Assignment: Only the pictures are to be dropped; return all other data below exactly.

Supplied material:
>>

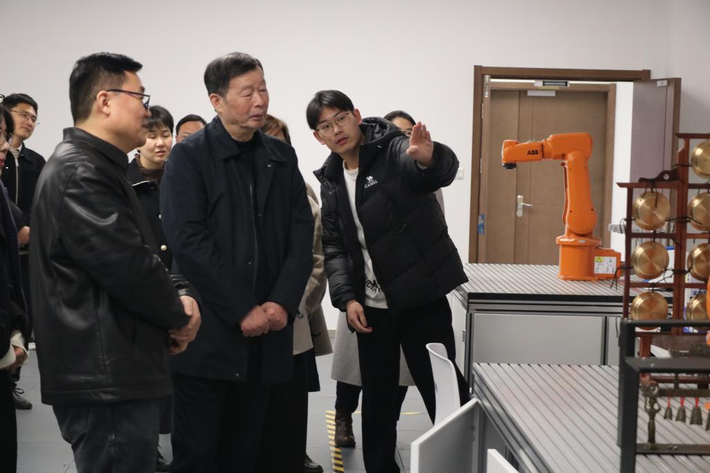 王宏理一行前往机器人现代产业学院参观。侯北平介绍申搏机器人产业学院的相关情况,以及机器人领域的校企合作与人才培养平台,展示了中德联合机器人技术研究院和宇树机器人创新实践基地的科研成果,ABB机器人联合实验室在学生创新能力培养上的成效,彰显了学院“产教融合、学以致用”的教育理念,展现了在科技创新与人才培养方面的坚实实力。
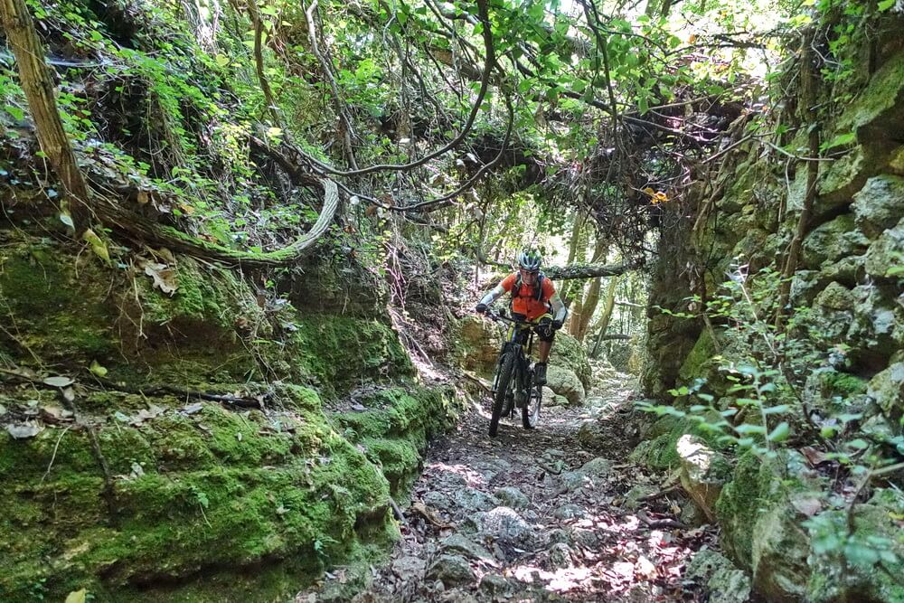 - leichte Abfahrt auf Schotterpiste und Trail über Verzi und Calvisio nach Finale Ligure (diese Abfahrt kann auch als Auffahrt zu Le Manie genutzt werden)
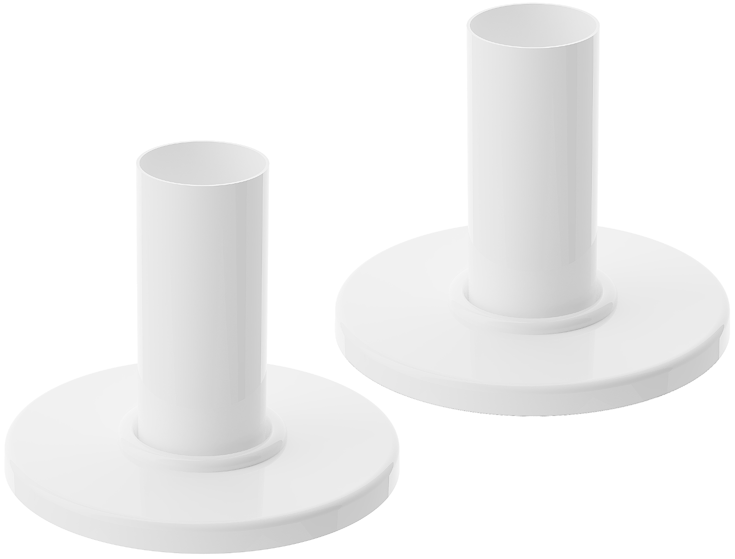 De afdekset bestaat uit twee enkele rozetten en hulzen die bedoeld zijn voor de installatie van thermostatische sets en radiatorkranen
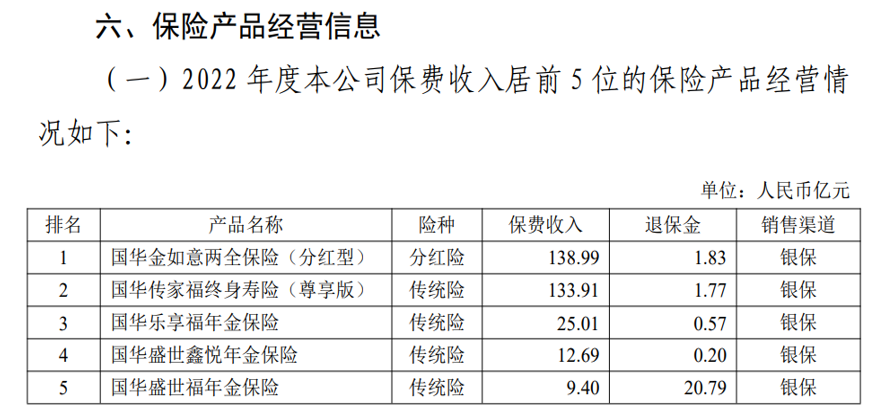 2022年,国华人寿保费收入居前5位的保险产品销售渠道均为银保渠道,仅这5位的保险产品已占据全年保费的84.61%。

<<

Response to the exercise:
 王宏理一行前往机器人现代产业学院参观。侯北平介绍申搏机器人产业学院的相关情况,以及机器人领域的校企合作与人才培养平台,展示了中德联合机器人技术研究院和宇树机器人创新实践基地的科研成果,ABB机器人联合实验室在学生创新能力培养上的成效,彰显了学院“产教融合、学以致用”的教育理念,展现了在科技创新与人才培养方面的坚实实力。
 - leichte Abfahrt auf Schotterpiste und Trail über Verzi und Calvisio nach Finale Ligure (diese Abfahrt kann auch als Auffahrt zu Le Manie genutzt werden)
 De afdekset bestaat uit twee enkele rozetten en hulzen die bedoeld zijn voor de installatie van thermostatische sets en radiatorkranen
 2022年,国华人寿保费收入居前5位的保险产品销售渠道均为银保渠道,仅这5位的保险产品已占据全年保费的84.61%。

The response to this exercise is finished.